XOR Boolean

B

Buck Turgidson

Can someone check me on if the following two blocks are logically
equivalent? Is there an even better way to write this with a one-liner?



return (inverse ^ line_matched);


// and

if ( !inverse )
return line_matched;
else
return !line_matched;
 
K

Kristoffel

Buck said:
Can someone check me on if the following two blocks are logically
equivalent? Is there an even better way to write this with a one-liner?



return (inverse ^ line_matched);


// and

if ( !inverse )
return line_matched;
else
return !line_matched;

() means if:
if there are different the result is false else true

so in one line :
(inverse ^ line_matched) ? return false : return true;

I think that the two blocks aren't logically equivalent .

K
 
K

Kristoffel

Buck said:
Can someone check me on if the following two blocks are logically
equivalent? Is there an even better way to write this with a one-liner?

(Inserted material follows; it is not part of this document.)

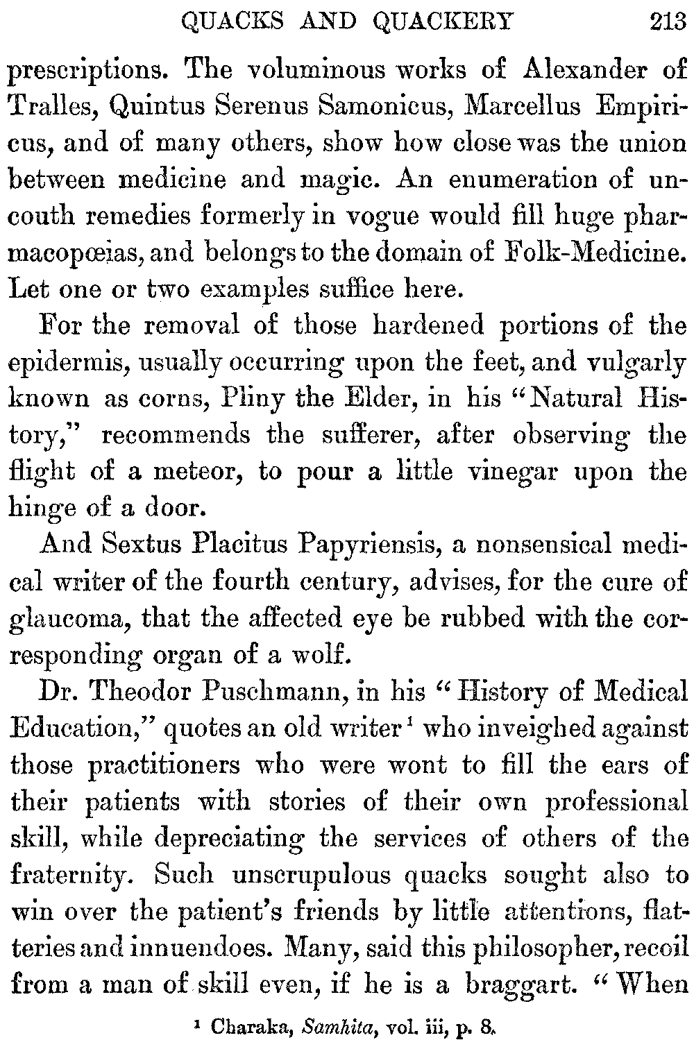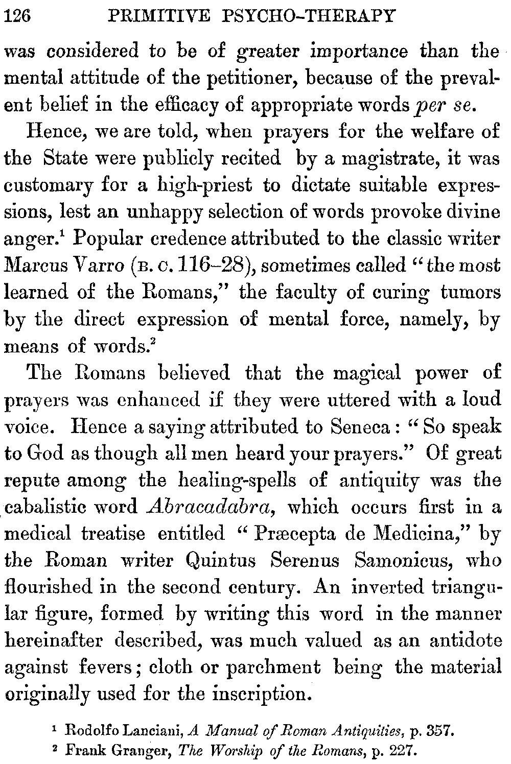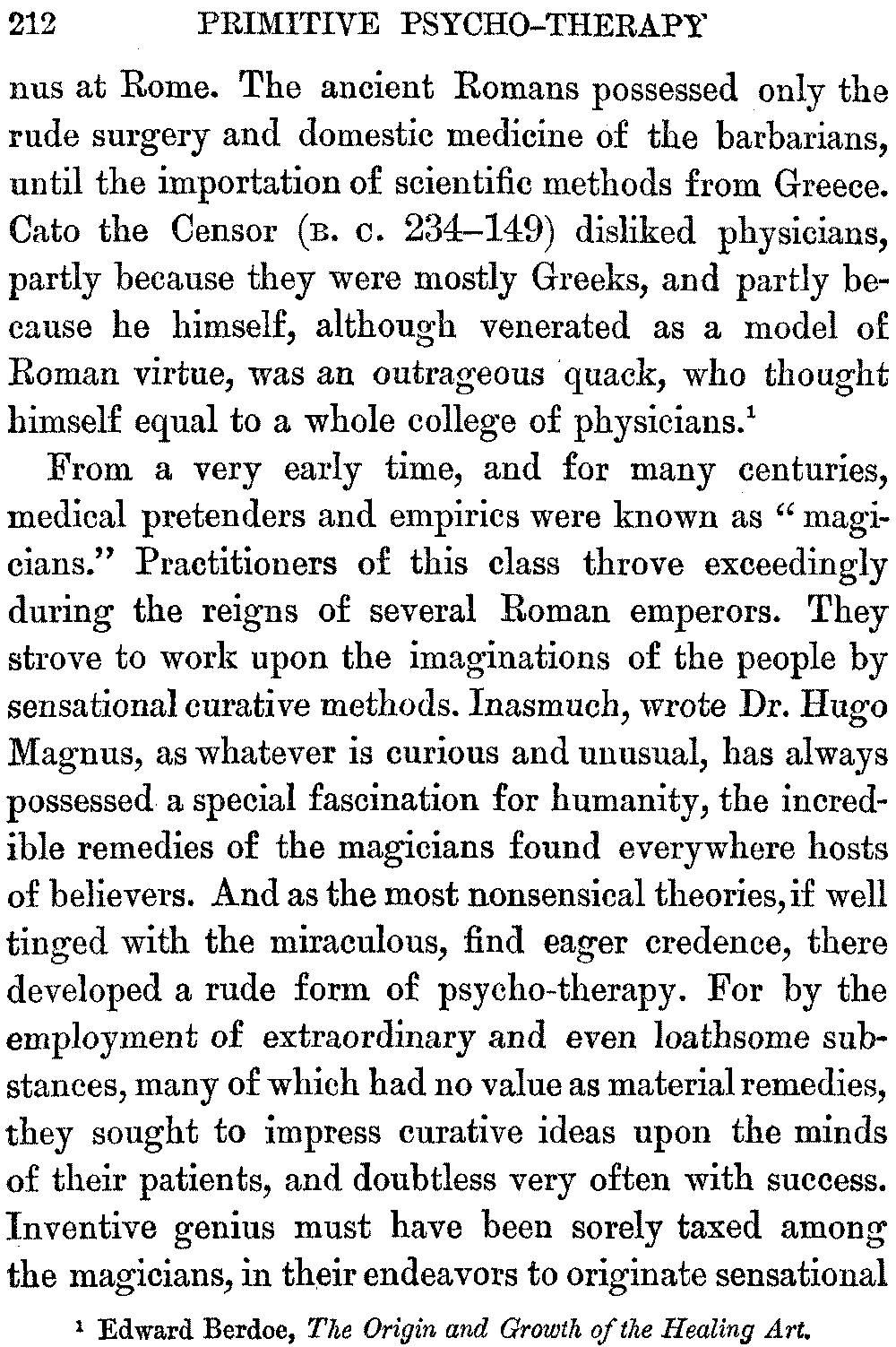The Roman writer, Quintus Serenus Samonicus, author of "Carmen de Medicina," is said to have recommended as a cure for quartan ague, the placing of the fourth book of the Iliad under the patient's head.[10:1] Charm-magic has been regarded as a survival of animism, the theory which endows the phenomena of nature with personal life. It has also been defined as the explanation of all natural phenomena, not due to obvious material causes, by attributing them to spiritual agencies.

return (inverse ^ line_matched);


// and

if ( !inverse )
return line_matched;
else
return !line_matched;

(inverse ^ line_matched) means if:
if there are different the result is false else true

so in one line :
(inverse ^ line_matched) ? return false : return true;

I think that the two blocks aren't logically equivalent .

K
 
?

=?ISO-8859-1?Q?Daniel_Sj=F6blom?=

Buck said:
Can someone check me on if the following two blocks are logically
equivalent?

Sure. Write some truth tables.

Is there an even better way to write this with a one-liner?
return (inverse ^ line_matched);

inv ^ line ->

line=1 line=0
inv=1 0 1
inv=0 1 0
// and

if ( !inverse )
return line_matched;
else
return !line_matched;

!inv ? line : !line ->

line=1 line=0
inv=1 0 1
inv=0 1 0

So yes, they are equivalent if I remember my logic right. There is
probably nothing better. An XOR is one of the cheapest operations on
most processors.
 
C

Chris Riesbeck

Kristoffel said:
(inverse ^ line_matched) means if:
if there are different the result is false else true

just the opposite -- X ^ Y is true if X and Y are different,
i.e., exactly 1 is true
so in one line :
(inverse ^ line_matched) ? return false : return true;

anything ? return false : return true;

can always be written more briefly

return !anything;
 
J

Joona I Palaste

just the opposite -- X ^ Y is true if X and Y are different,
i.e., exactly 1 is true
anything ? return false : return true;
can always be written more briefly
return !anything;

And that way it'll even compile and everything. The operands of the ?:
operator have to be expressions, and return is not an expression.

--
/-- Joona Palaste ([email protected]) ------------- Finland --------\
\-- http://www.helsinki.fi/~palaste --------------------- rules! --------/
"I said 'play as you've never played before', not 'play as IF you've never
played before'!"
- Andy Capp
 
R

Roedy Green

return (inverse ^ line_matched);

Most programmers are terrified of xor. You can write that in a way
more familiar to the peanut gallery with:


return inverse != line_matched;

presuming both are booleans, not ints.